§ Task item:
In the entries that follow, repeat exactly the lines from the one that has "Vintage Irish Connemara" through the one that has "बस्ती बचाओ संघर्ष", but omit pictures.

**** Material for this exercise

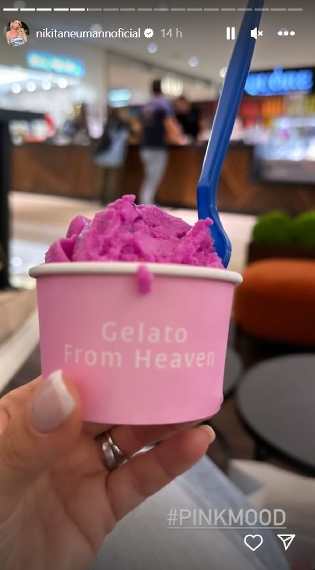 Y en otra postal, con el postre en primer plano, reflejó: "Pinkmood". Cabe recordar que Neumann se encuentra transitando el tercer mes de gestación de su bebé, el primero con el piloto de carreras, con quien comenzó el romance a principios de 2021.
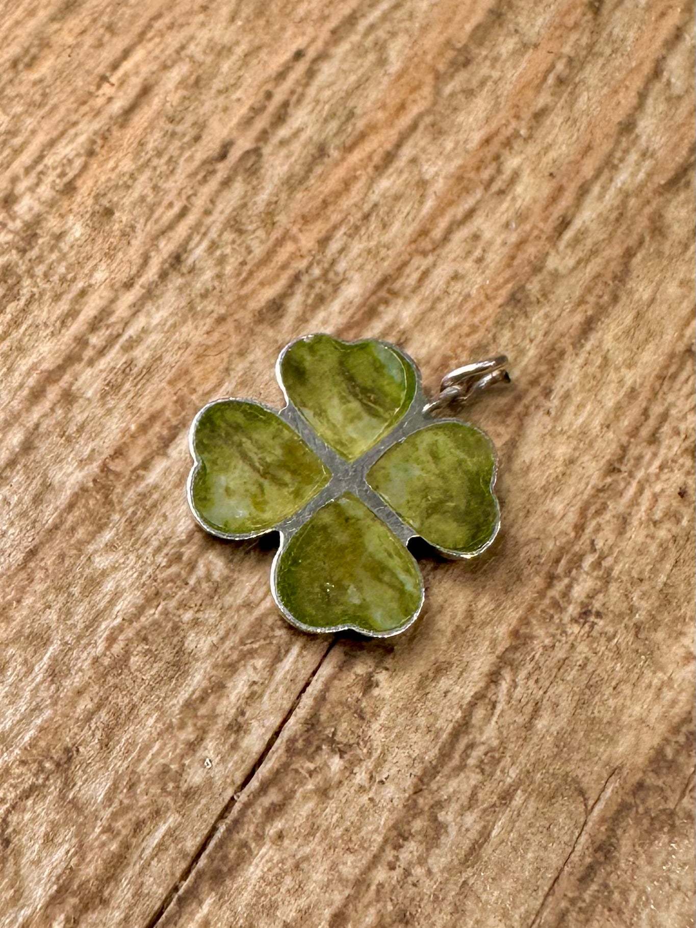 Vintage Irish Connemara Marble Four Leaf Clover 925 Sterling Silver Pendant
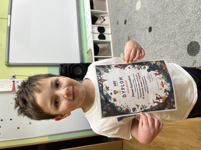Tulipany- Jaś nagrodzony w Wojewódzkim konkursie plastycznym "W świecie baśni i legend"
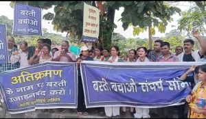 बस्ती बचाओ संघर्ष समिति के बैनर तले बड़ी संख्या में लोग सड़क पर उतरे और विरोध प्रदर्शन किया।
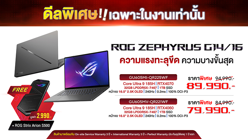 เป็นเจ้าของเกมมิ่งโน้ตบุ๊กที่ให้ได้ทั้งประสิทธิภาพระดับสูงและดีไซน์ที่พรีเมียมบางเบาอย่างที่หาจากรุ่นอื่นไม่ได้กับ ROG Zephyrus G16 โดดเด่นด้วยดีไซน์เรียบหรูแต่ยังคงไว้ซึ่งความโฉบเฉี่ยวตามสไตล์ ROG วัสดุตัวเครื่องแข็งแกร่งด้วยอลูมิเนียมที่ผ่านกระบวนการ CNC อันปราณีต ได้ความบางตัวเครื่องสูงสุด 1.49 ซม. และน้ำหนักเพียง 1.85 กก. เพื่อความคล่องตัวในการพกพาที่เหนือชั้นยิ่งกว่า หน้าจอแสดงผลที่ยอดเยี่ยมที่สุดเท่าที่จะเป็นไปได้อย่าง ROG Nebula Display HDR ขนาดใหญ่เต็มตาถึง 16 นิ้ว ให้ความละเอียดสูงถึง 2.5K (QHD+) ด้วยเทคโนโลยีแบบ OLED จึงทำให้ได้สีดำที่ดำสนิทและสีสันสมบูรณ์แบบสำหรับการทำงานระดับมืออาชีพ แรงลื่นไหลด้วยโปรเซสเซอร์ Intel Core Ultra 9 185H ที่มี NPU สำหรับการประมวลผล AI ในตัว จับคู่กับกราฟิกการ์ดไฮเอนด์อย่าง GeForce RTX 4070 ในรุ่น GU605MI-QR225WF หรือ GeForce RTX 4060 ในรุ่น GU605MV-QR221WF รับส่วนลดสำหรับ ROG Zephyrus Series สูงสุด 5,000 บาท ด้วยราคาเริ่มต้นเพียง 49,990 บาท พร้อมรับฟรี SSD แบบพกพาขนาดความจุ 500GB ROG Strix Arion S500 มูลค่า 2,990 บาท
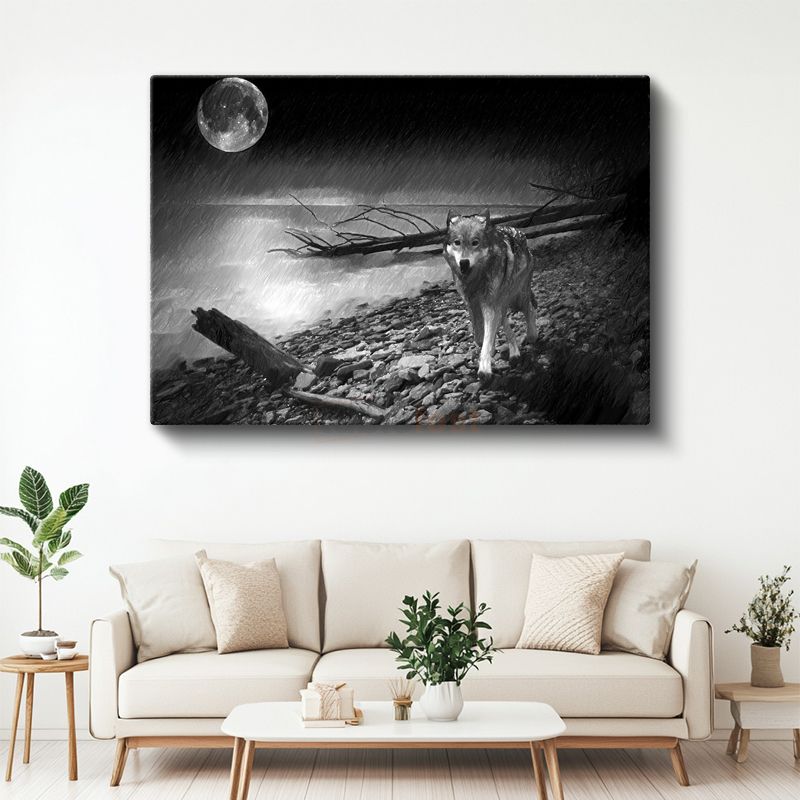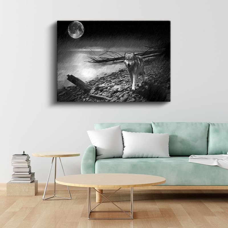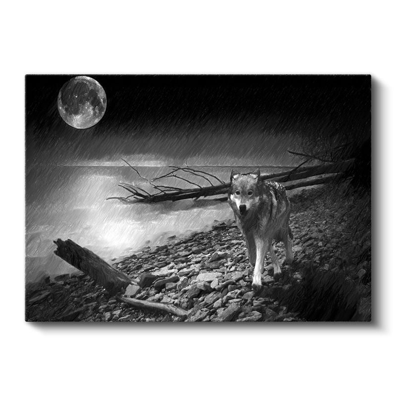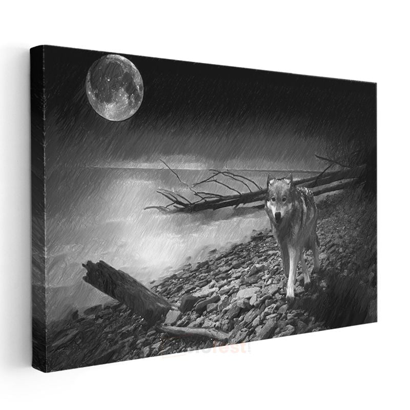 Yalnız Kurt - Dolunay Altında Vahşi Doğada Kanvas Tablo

********

§ Answer box:
 Vintage Irish Connemara Marble Four Leaf Clover 925 Sterling Silver Pendant
Tulipany- Jaś nagrodzony w Wojewódzkim konkursie plastycznym "W świecie baśni i legend"
 बस्ती बचाओ संघर्ष समिति के बैनर तले बड़ी संख्या में लोग सड़क पर उतरे और विरोध प्रदर्शन किया।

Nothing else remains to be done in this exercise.